He leído con mucho interés el artículo de Chesterton “El restablecimiento de la filosofía ¿por qué?” publicado por el Consejo Editorial de Know Square en esta misma plataforma y la primera reflexión que me ha provocado es su actualidad –salvando, como es lógico, algunos rasgos distintivos de la personalidad del autor y su época- un siglo después. En efecto, hoy, tal vez más que nunca, el discurso dominante nos insta a ser prácticos, a dejar de pensar en pájaros y flores, a actuar con pragmatismo para sobrevivir en este mundo convulso. Pero, ¿qué oculta, hoy como ayer, este discurso?
La llamada a ser prácticos implica el recurso a la repetición, a reproducir lo existente, a no cuestionarlo. En la medida en que renunciamos a la interpretación, a la conceptualización, estamos condenados a vagar en más de lo mismo sin ser capaces de encontrar sentido, significado. Y, en consecuencia, a la impotencia frente a lo establecido, frente a lo ordenado como una segunda naturaleza que nos determina. Pero, ¿qué es lo que queda velado en este llamamiento?
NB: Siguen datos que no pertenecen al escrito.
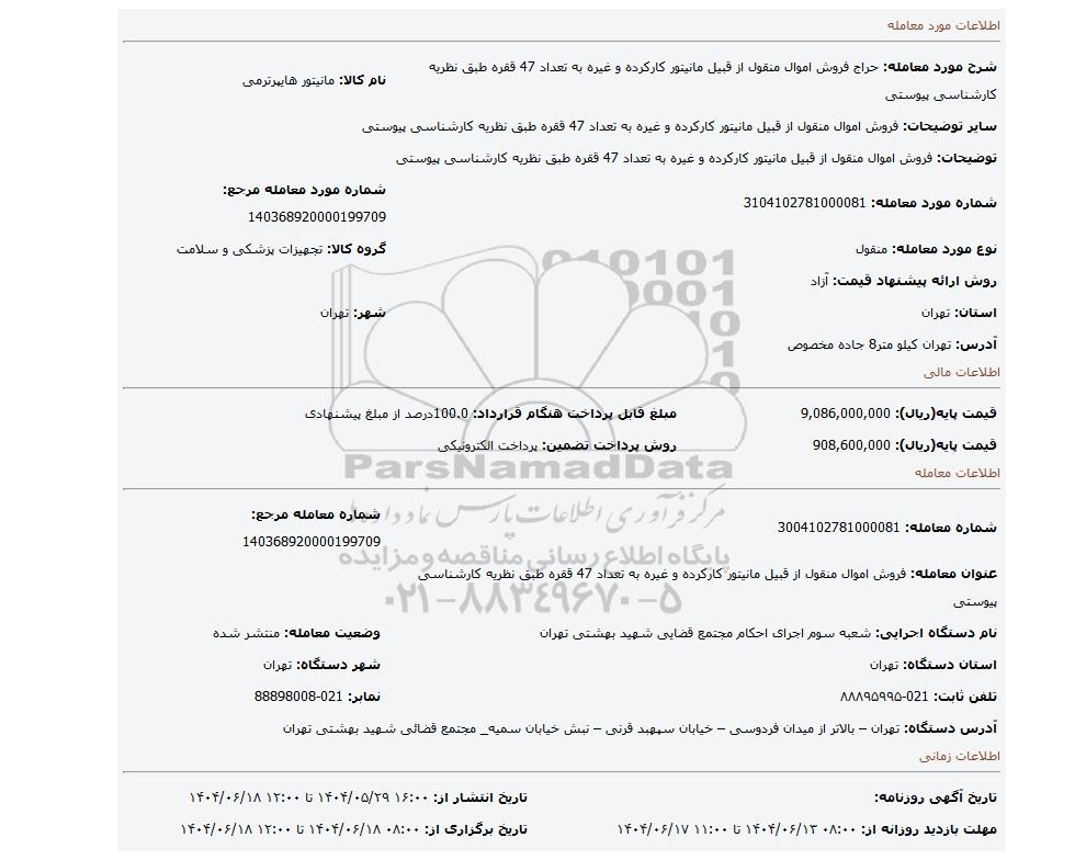 | عنوان معامله: فروش اموال منقول از قبیل مانیتور کارکرده و غیره به تعداد 47 ققره طبق نظریه کارشناسی پیوستی | ||

Sencillamente, la naturaleza del Poder.
Esto no es, ni mucho menos, nuevo en la historia: El nacimiento de la filosofía (y, con ella, de nuestra cultura) en Grecia ya representó un desafío a los dioses a través de la potencia de constituir conceptos de los hombres. Pero no podemos olvidar las milenarias etapas en las que la humanidad ha estado atrapada por la sobredeterminación de las religiones y de los poderes soberanos derivados: sólo tenía sentido el pragmatismo, ya que el sentido estaba predeterminado; en consecuencia, la labor del ser consistía en adaptarse a lo ordenado con la esperanza de otra vida en la Eternidad.
El problema que subyace al debate de lo práctico frente a lo teórico (o, más exactamente, a lo filosófico en su sentido más genuino) es, precisamente, que el rostro del Poder no debe ser desvelado (como el nombre de Dios no debe ser pronunciado, es el Innombrable): su “naturaleza” debe permanecer oculta a los ojos de los súbditos. Nada de extraño tiene, pues, que la quema de libros y, eventualmente, de sus autores, esté inscripta en nuestra tradición cultural con evidente arraigo.
Y este fenómeno es, si cabe, mucho más evidente en las corrientes dominantes del management moderno (con algunas honrosas excepciones): la apelación al pragmatismo [1] para obtener resultados excluye cualquier consideración teórica sólida en torno a la lógica que subyace al sistema. Esta se considera cuasinatural, como un dato ya establecido desde siempre y para siempre, por lo que no cabe más que girar en torno a ella. ¿Cómo, si no, cabe preguntarnos, hemos podido desembocar en esta situación crítica de emergencia planetaria?
Esta impotencia teórica para indagar en la lógica que subyace al sistema y a sus discursos tiene un cierto correlato en la muy frecuente apelación al pensamiento sistémico como solución universal. Es decir, no se cuestiona la lógica que sustenta al sistema, sino que se trata de modificar sus componentes (parcialmente) para ver si así puede funcionar más armónicamente: ahí se inscriben multitud de modas del management como, entre otras muchas, la calidad total, el liderazgo, la gestión del conocimiento, la inteligencia emocional, etc.
Ya Gödel demostró, refiriéndose a las matemáticas, la incompletud de todo sistema lógico: siempre hay un axioma que no puede ser demostrado, y que, en consecuencia, puede ser falso. En efecto, todo sistema contiene alguna brecha, o, más exactamente, algo excesivo que no puede contener y que tiende a transformarlo en su manifestación (nótese que, de otra forma, el sistema giraría eternamente sobre sí mismo).
Pero este exceso, precisamente por serlo, permanece como un punto ciego de la lógica del sistema; no es visto y, por tanto, no puede ser ni integrado ni explicado. Y, sin embargo, como el axioma no demostrable, y precisamente por ello, está produciendo las contradicciones del sistema y, por tanto, la explicación oculta de sus transformaciones.
Así, el orgulloso pragmático no es consciente de que está guiado por una lógica que no puede interpretar y que, en consecuencia, le hace dependiente de algo ajeno, de un Amo fantasmagórico; pero, peor aún, tampoco puede ser consciente de que esa lógica presenta fallas que él no puede entender, pero que se encarnarán en su fervor pragmático como frustración sin posible explicación.
[1] No es, pues, nada extraño que gurús norteamericanos de las últimas décadas, como Tom Peters o Gary Hamel, entre otros, sean fundamentalmente descriptivistas.